Last month the Health Select Committee reported that children’s and young people’s safety was being compromised by ‘major problems with access to inpatient mental health services’. The committee went on to catalogue a series of government failures including cuts to early intervention services, increased waiting times and ‘unacceptable variation’ in quality of services across the country.

The report also condemned the use of section 136 of the Mental Health Act to incarcerate children and young people in police cells, and demanded that this practice be eradicated.

You might think that such a damning report after four-and-a-half years in office would send ministers into a flurry of activity to fix the problem. You might even have hoped for ministers to take responsibility for the shambles on their watch. Not a bit of it. Health ministers responding with a combination of ‘not me, gov’ and breath-taking complacency.

Only last week did the Home Secretary claim, under huge public pressure, that she will end the scandal of holding teenagers with mental illness in police cells. I welcome Theresa May’s announcement, but we will see if it materialises in practice. This is not the first time that we have heard promises from the Government on mental health, many of which have failed to happen as services have deteriorated.

So how is the government getting it so wrong?

The problem is not an absence of warm words from ministers. In June 2013 Minister Norman Lamb told the Royal College of Psychiatrists:  ‘Achieving parity of esteem between physical and mental health has long been a personal priority of mine, and something which I take every opportunity to promote in government. We must ensure that this is more than just rhetoric.’ Yet for too many families facing long waits or a lack of clear information, rhetoric is all they get.

The reason mental health services are struggling in so many areas is that they are being cut deeper than physical health services within the NHS, at the very time demand is growing. Mentalhealth funding has gone down for the first time in a decade. Mental health services have been cut by 20% more than other NHS services this year and Mental Health Trusts have lost £250 million of their funding since 2012.
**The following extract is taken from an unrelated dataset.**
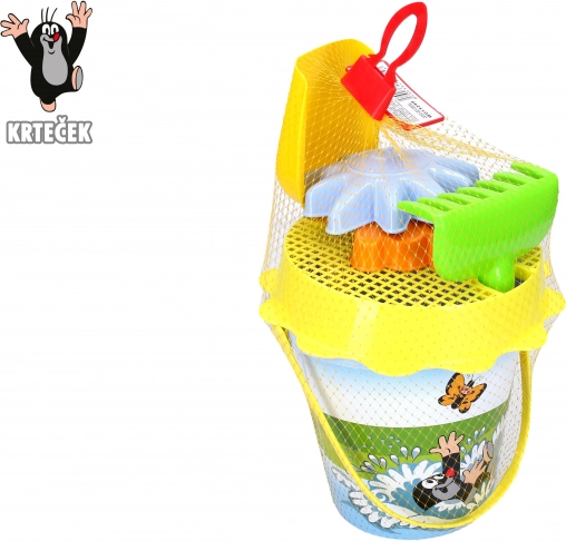 Dječji set za pijesak s omiljenim motivom KRTKO donosi sate zabave na otvorenom. Sadrži kanticu 1,5 l, sito, lopaticu, grabulje i 2 kalupa – idealno za gradnju dvoraca i pješčanih kolačića na igralištu i na plaži. Pogodno za djecu od 3 godine.
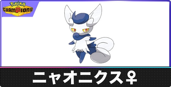 ポケモンチャンピオンズのニャオニクス♀の弱点とタイプ相性をご紹介。ニャオニクス♀の基本情報はもちろん、登場作品、おすすめ入手方法、覚える技についても記載しています。ポケチャンでニャオニクス♀について調べる際の参考にしてください。

Ed Miliband was the first major party leader to make a speech focussing on mental health services, and I’m glad a Labour government led by him will place mental health at the top of the agenda. Labour’s vision for the National Health Service is a service which delivers ‘whole person care’. This means a step-change away from the fragmented delivery of services currently on offer. It means an integration of mental health physical health social care services, based on the needs of the individual, not based around institutions.

We intend to make patients’ access to ‘talking therapies’ a legal right in a newly rewritten NHS constitution.  Labour will recruit 20,000 more nurses, including mental health specialist nurses, paid for by the mansion tax, closing tax loop holes and a levy on tobacco companies.

One child locked in a police cell is one too many. No family should face such a situation. Labour will ensure that this cruel practice is genuinely ended. Surely in a modern country, we can create a system of child and adolescent mental health services which helps, not hinders the treatment and recovery for vulnerable young people.